Der Schauspieler und Filmproduzent Timothée Chalamet hat kürzlich die gesamte Opernwelt gegen sich aufgebracht. „Ich möchte nicht in der Oper oder im Ballett arbeiten“, sagte er, „Dinge, die am Leben erhalten werden müssen, obwohl sie allen egal sind.“ Autsch. Ich fühlte mich von dieser Aussage des Hollywood-Stars selbst ein wenig angegriffen. Wenige Stunden nach der Lektüre ging ich in die Staatsoper und sah Puccinis „Turandot“. Das Haus war nahezu ausverkauft. Frenetischer Jubel brandete nicht erst auf, als der letzte Vorhang fiel.

Wenige Tage später sah ich mir in einem fast leeren Kinosaal zweieinhalb Stunden Timothée Chalamet an, wie er mit seinen berühmten zwei Gesichtsausdrücken und dem legendären Schlafzimmerblick, der einem aus Filmen wie „Call Me By Your Name“ oder „Dune“ so gut vertraut ist, eine weitere Version seiner selbst spielte. Diesmal Marty Mauser. Wieder war da der kleine Junge, emotional scheinbar etwas unterentwickelt, aber trotzig bis rotzfrech. Eine Figur, die überdauert. Ob er für Film und Darbietung am Wochenende den Oscar gewinnen wird? Abwarten.
Chalamets Opernschelte hatte aber auch eine ausgesprochen gute Seite. Die Opernwelt reagierte auf seinen flapsigen Zwei-Satz-Kommentar mit Selbstbehauptung: Aufnahmen von opulenten Inszenierungen, von vollbesetzten Opernhäusern, von begeistertem Applaus fluteten nicht nur meine Timeline – so lebendig! Nimm das, Timothée! Und zwar von allen Seiten, von überall! Es hagelte Einladungen an den Ketzer: Schau Dir doch noch mal genau an, was Du da totgesagt hast!
Diese Antwort der Opernwelt erinnerte mich an ein Muster, das ich auch im Parlament schon des Öfteren beobachten konnte.
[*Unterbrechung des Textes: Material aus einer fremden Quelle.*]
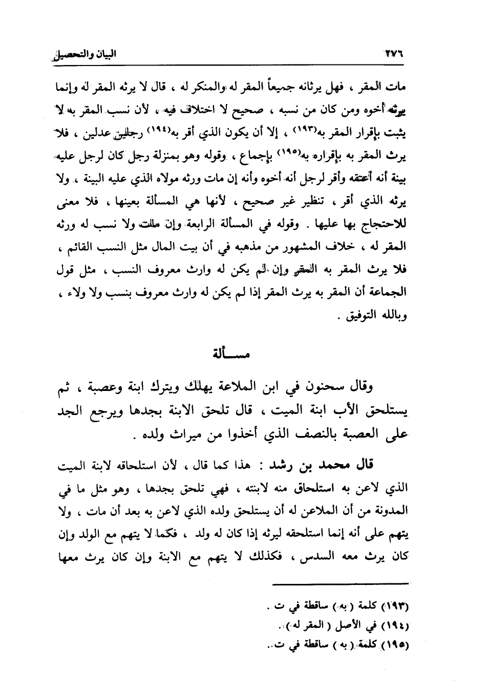 مات المقر، فهل يرثانه جميعا المقر له والمنكر له، قال: لا يرثه المقر له وإنما يرثه أخوه ومن كان من نسبه، صحيح لا اختلاف فيه، لأن نسب المقر به لا يثبت بإقرار المقر به، إلا أن يكون الذي أقر به رجلين عدلين، فلا يرث المقر به بإقراره به بإجماع، وقوله: وهو بمنزلة رجل كان لرجل عليه بينة أنه أعتقه وأقر لرجل أنه أخوه وأنه إن مات ورثه مولاه الذي عيه البينة، ولا يرثه الذي أقر، تنظير غير صحيح، لأنها هي المسألة بعينها، فلا معنى للاحتجاج بها عليها. وقوله في المسألة الرابعة: وإن مات ولا نسب له ورثه المقر له، خلاف المشهور من مذهبه في أن بيت المال مثل النسب القائم، فلا يرث المقر به المقر وإن لم يكن له وارث معروف النسب، مثل قول الجماعة أن المقر به يرث المقر إذا لم يكن له وارث معروف بنسب ولا ولاء، وبالله التوفيق.

Perfektioniert hat die Wendung wohl Niedersachsens Kultusministerin Julia Hamburg (Grüne). „Ich bin Ihnen für diese Aktuelle Stunde sehr dankbar“, sagt sie gerne, und lobt dann auch mal die Opposition: „Es zeigt, wie wichtig auch Ihnen dieses Thema ist.“ Wichtiger aber noch ist dieser Satz: „Das gibt mir die Gelegenheit, hier einige Dinge klarzustellen, bei denen zuletzt ein schräges Bild in der Öffentlichkeit entstanden ist.“ So, oder so ähnlich.
Insbesondere in der Kultuspolitik gab es ja zuletzt viele Bilder, die korrigiert werden mussten. Ein Mangel an Jesus im Reli-KC, Oberstufe ohne Französisch und Politik, Ganztagszwang für Grundschulen…
Mit Matthias Aschern vom Schulleitungsverband habe ich zwar nicht über Timothée Chalamet gesprochen, sehr ausführlich aber über all diese bildungspolitischen Debatten aus dem vorangegangenen Absatz. Seine Antworten finden Sie im Interview. Und hier – danke, dass Sie fragen – finden Sie den Gesamtüberblick über unsere heutigen Themen:
Falls Sie an diesem Freitagabend noch nichts vorhaben: Um 19:30 Uhr geben sie in der Staatsoper Hannover das Ballett „Schwanensee. Rotbarts Geschichte“. Wollen Sie sich derweil vor der Oscarverleihung noch schnell ein Bild von Timothée Chalamet machen: Um 20:15 Uhr läuft „Marty Supreme“ im Kino am Raschplatz im englischsprachigen Original mit Untertiteln.
Für was auch immer Sie sich entscheiden: Starten Sie gut ins Wochenende!